* **Task prompt**: In the listing below, the answer starts at the line that has "The kit includes" and stops after the line that has "国王记者:拉塞尔-威斯布鲁克可以跟任何人挡拆,挡拆配合时他都非常出色。"; please repeat that part exactly and nothing more.

* **Data for this exercise**:
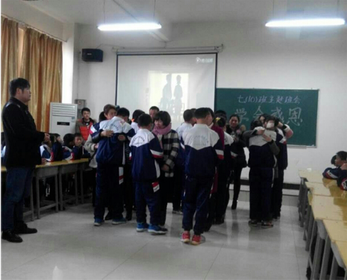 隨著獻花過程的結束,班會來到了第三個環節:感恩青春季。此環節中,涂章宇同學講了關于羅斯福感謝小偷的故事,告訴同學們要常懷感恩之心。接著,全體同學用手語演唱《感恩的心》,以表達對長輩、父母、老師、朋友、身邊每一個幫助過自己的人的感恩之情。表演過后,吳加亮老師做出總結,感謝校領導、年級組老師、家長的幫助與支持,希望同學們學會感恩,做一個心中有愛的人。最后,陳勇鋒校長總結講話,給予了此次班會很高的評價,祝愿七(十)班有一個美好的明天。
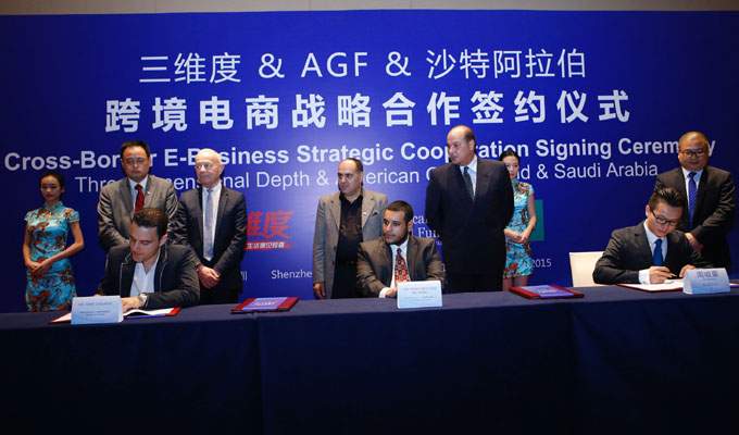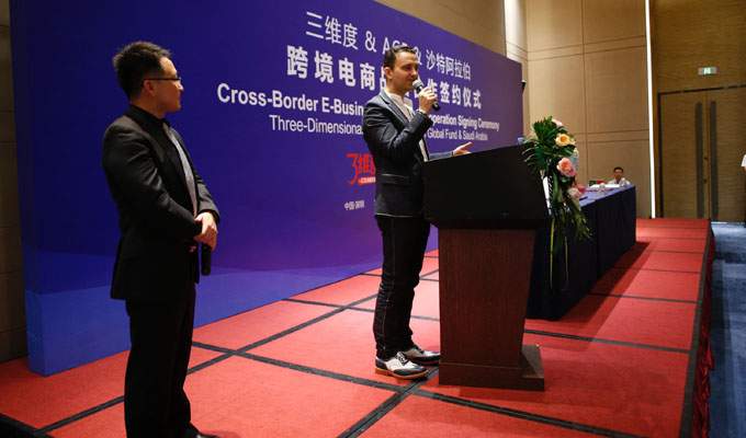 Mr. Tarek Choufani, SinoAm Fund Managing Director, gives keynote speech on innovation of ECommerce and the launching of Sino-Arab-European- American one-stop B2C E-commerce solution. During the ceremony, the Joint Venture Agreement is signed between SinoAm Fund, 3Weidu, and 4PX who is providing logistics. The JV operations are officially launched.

==

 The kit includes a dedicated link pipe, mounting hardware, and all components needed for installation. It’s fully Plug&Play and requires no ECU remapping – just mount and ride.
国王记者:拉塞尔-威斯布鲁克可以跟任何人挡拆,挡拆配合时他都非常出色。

* **Exercise output**:
 The kit includes a dedicated link pipe, mounting hardware, and all components needed for installation. It’s fully Plug&Play and requires no ECU remapping – just mount and ride.
国王记者:拉塞尔-威斯布鲁克可以跟任何人挡拆,挡拆配合时他都非常出色。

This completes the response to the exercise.